PCR-based genetic markers:
Twenty-one previously developed SSR marker assays were selected on the basis of their ability to identify known A genome linkage groups in B. napus and B. rapa (Suwabe et al. 2002; Lowe et al. 2004). Two SSR markers were developed from BACs containing BrFLC sequences and one SSR marker was derived from BACs containing the BrMAF gene. One RAPD marker (operon primer S14) was included since it was codominant in this population.
Linkage analysis and map construction were carried out using JoinMap 3.0 (van Ooijen and Voorrips 2001). Segregating data were sorted according to locus order for each linkage group using MSExcel. This facilitated detection of errors associated with putative “double-recombinant” events and guided visual checking of original autoradiographs and revision of data points where these had been misscored or typed. All editing operations were recorded and are traceable. Linked loci were grouped on the basis of pairwise LOD values between 5 and 8, and centimorgan distances were estimated with the Kosambi mapping function (Kosambi 1944). Locus order within the LOD grouping was decided through an optimized algorithm using three rounds of linked markers. Multiple segregating loci detected by a probe were indicated by the addition of a suffix (-a, -b, -c, -d) to the locus names. Linkage maps were visualized using MapChart (Voorrips 2002) and PowerPoint.
EST marker characteristics:
A total of 551 cDNA clones from four B. rapa tissue-specific EST libraries were screened to obtain informative RFLP markers. Of these 440 were polymorphic between the parents. A high degree of polymorphism with such markers has previously been reported within Brassica subspecies (Song et al. 1988). To obtain segregating genotypes among the progeny, four restriction enzymes were used, with EcoRV found to detect the highest level of polymorphism (Table 2).
The JWF3 B.rapa linkage map:
This genetic map of B. rapa was generated on the basis of 545 markers, 520 RFLPs and 25 PCR-based markers assigned to 10 linkage groups covering a total map length of 1287 cM with an average 2.4-cM interval. The 10 linkage groups are most likely to correspond to the 10 chromosomes of B. rapa (Figure 1). It was possible to assign each linkage group to a previously determined classification (R1–R10) on the basis of evidence from the location of previously published SSR markers designated to A genome linkage groups within the context of the B. napus (Parkin et al. 1995; Lowe et al. 2004) and B. rapa (Suwabe et al. 2002) genetic maps. From a total of 75 mapped A genome SSR markers screened against the parents, 21 displayed polymorphism. Each of the 10 linkage groups had at least one SSR marker that provides an anchor to existing published maps.

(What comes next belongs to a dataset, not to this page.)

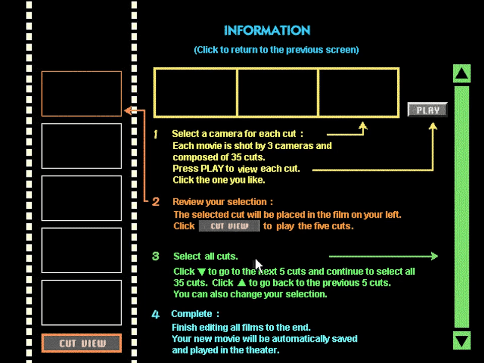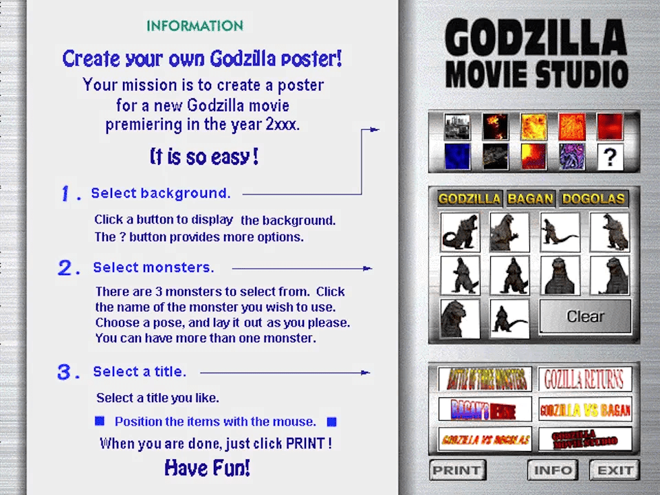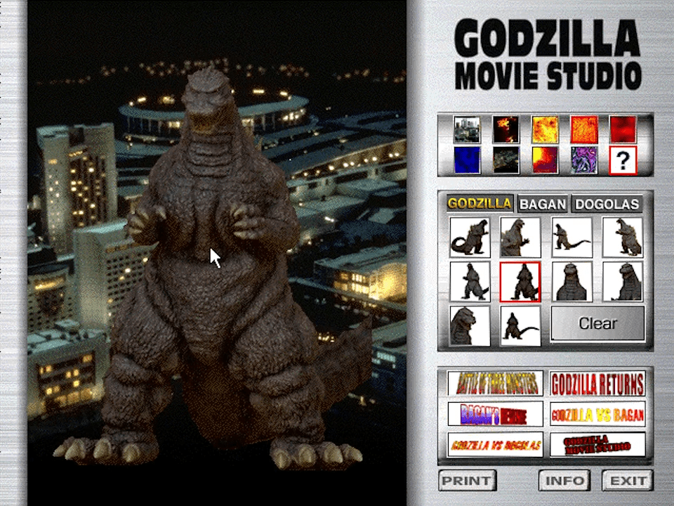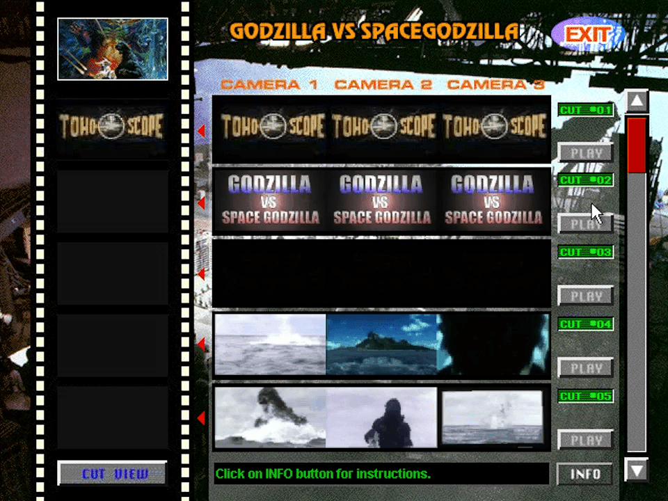 Godzilla Movie Studio Tour was an interactive CD-ROM with a database on information about the Godzilla franchise. In addition to that information, the players could also take a virtual tour around the movie studio and create a custom movie by combining 35 different cuts. Check this page for more details about that CD-ROM

The two longest linkage groups R3 (178 cM) and R9 (193 cM) correspond to the two longest groups N3 and N9 of B. napus (Lowe et al. 2004; Udall et al. 2005). Within the Korean Brassica Genome Project (KBGP, http://www.brassica.rapa.org) it had previously been reported that R9 corresponds to cytogenetic chromosome 1 and that R3 corresponds to cytogenetic chromosome 2 (Lim et al. 2005). We compared the relative lengths of each linkage group with the length of the corresponding cytogenetic chromosome identified by Lim et al. There was good agreement, with a calculated correlation coefficient of 0.87. When the same cytogenetic chromosome lengths were compared with the length of corresponding A genome linkage groups reported for recent genetic maps of B. napus, correlation coefficients of 0.66 (Parkin et al. 2005) and 0.78 (Udall et al. 2005) were obtained.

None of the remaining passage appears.